#### [Task goal]
From the first line to the last, transcribe the data exactly and skip the pictures.

#### [Source data]
--*--
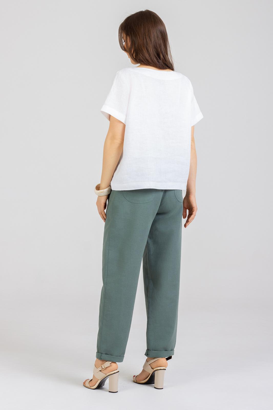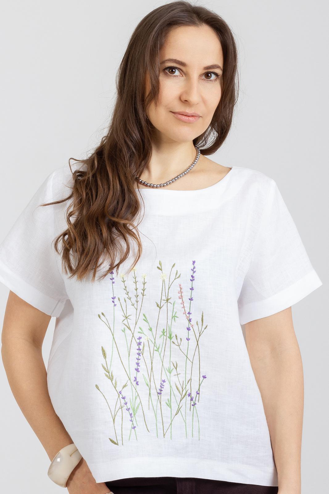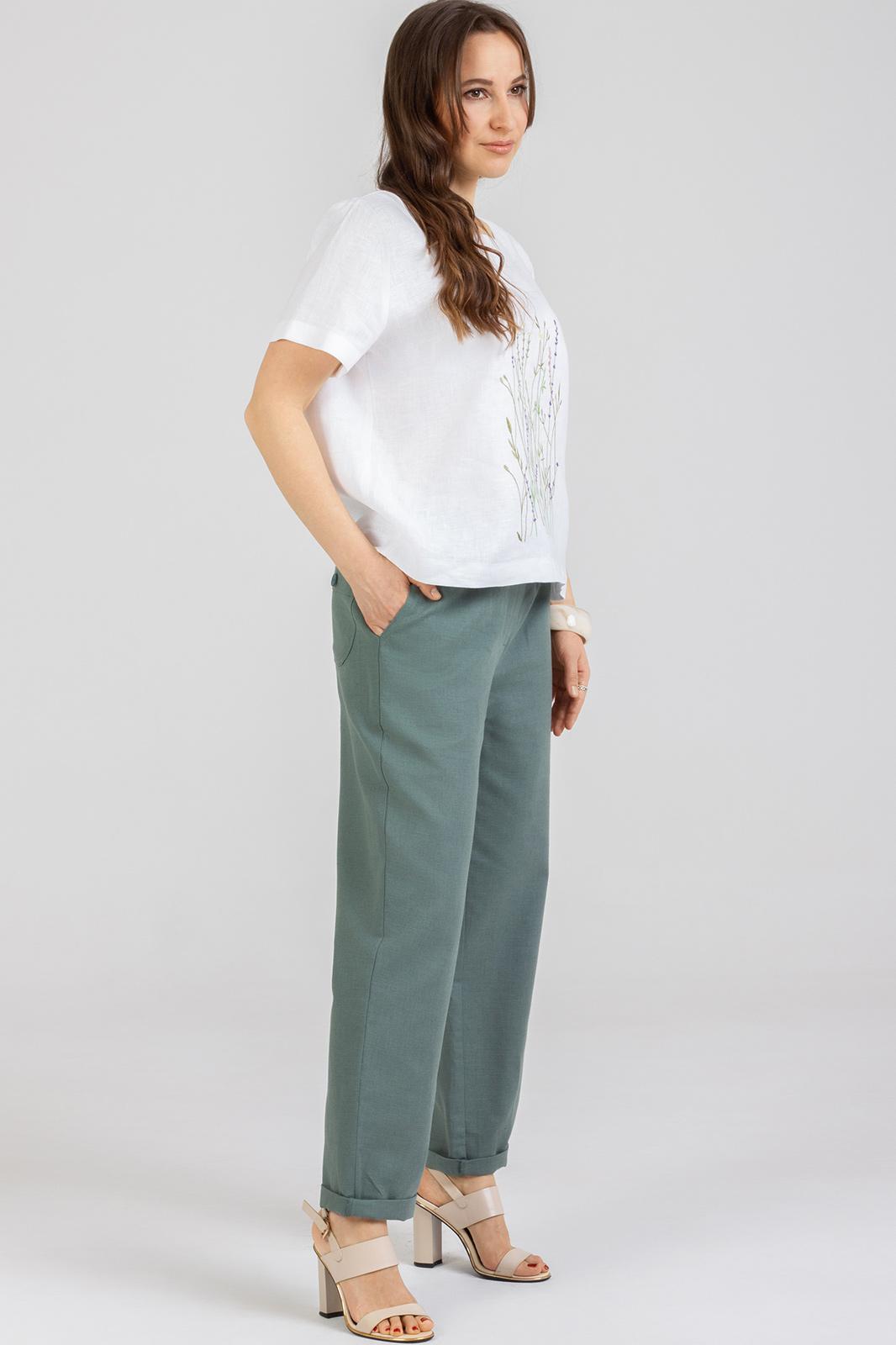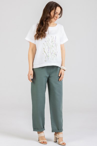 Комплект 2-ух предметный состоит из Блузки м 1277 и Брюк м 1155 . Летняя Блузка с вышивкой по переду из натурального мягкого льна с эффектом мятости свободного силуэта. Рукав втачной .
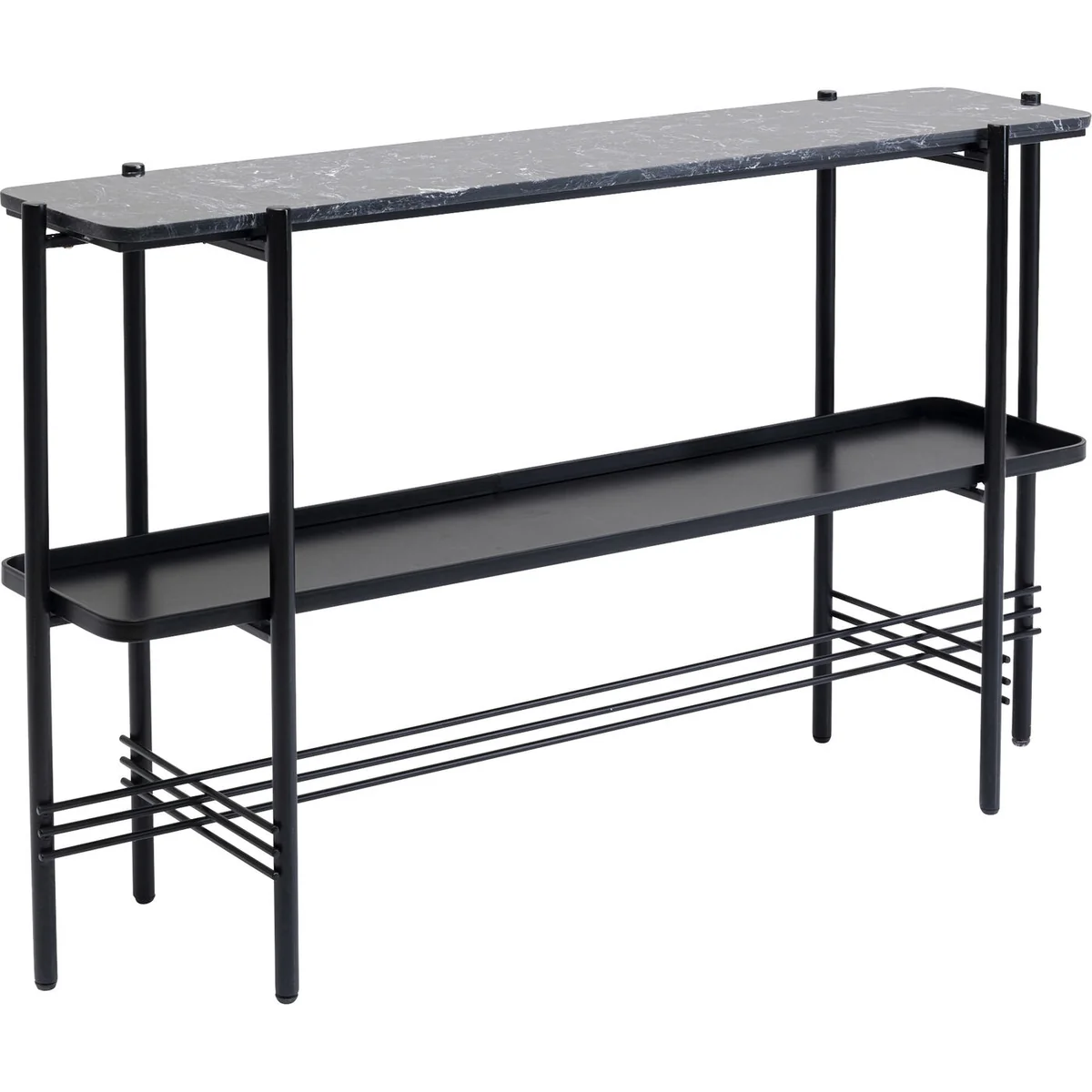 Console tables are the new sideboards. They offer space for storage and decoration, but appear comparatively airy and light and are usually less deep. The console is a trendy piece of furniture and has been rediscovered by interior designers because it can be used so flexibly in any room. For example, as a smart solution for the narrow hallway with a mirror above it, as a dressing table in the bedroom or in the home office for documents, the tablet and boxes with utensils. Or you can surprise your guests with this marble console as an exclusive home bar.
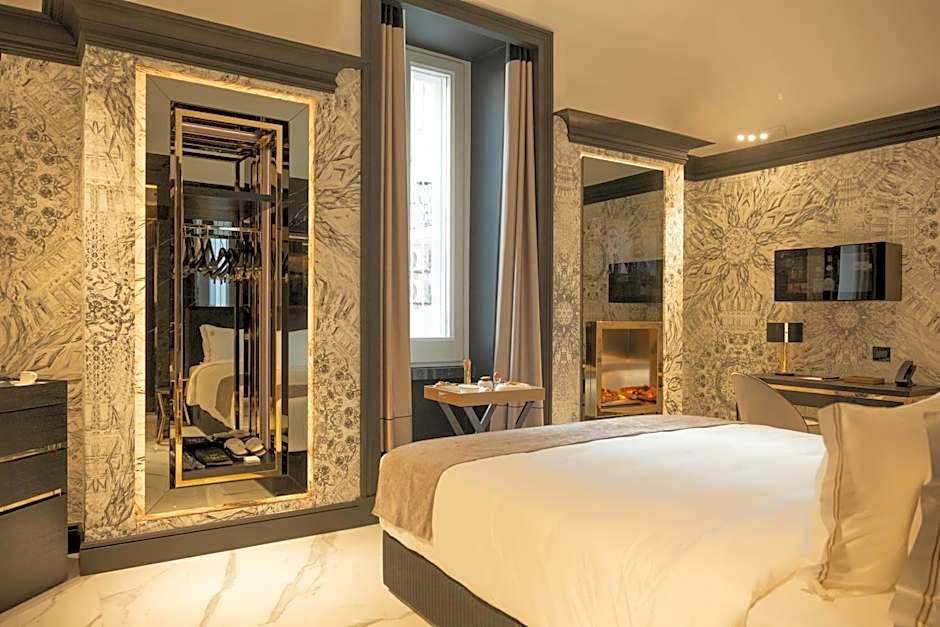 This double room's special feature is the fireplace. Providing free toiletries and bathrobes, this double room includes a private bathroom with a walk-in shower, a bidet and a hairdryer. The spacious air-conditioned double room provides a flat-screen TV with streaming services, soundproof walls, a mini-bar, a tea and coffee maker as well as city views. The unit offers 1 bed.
--*--
#### [Exercise solution]
 Комплект 2-ух предметный состоит из Блузки м 1277 и Брюк м 1155 . Летняя Блузка с вышивкой по переду из натурального мягкого льна с эффектом мятости свободного силуэта. Рукав втачной .
 Console tables are the new sideboards. They offer space for storage and decoration, but appear comparatively airy and light and are usually less deep. The console is a trendy piece of furniture and has been rediscovered by interior designers because it can be used so flexibly in any room. For example, as a smart solution for the narrow hallway with a mirror above it, as a dressing table in the bedroom or in the home office for documents, the tablet and boxes with utensils. Or you can surprise your guests with this marble console as an exclusive home bar.
 This double room's special feature is the fireplace. Providing free toiletries and bathrobes, this double room includes a private bathroom with a walk-in shower, a bidet and a hairdryer. The spacious air-conditioned double room provides a flat-screen TV with streaming services, soundproof walls, a mini-bar, a tea and coffee maker as well as city views. The unit offers 1 bed.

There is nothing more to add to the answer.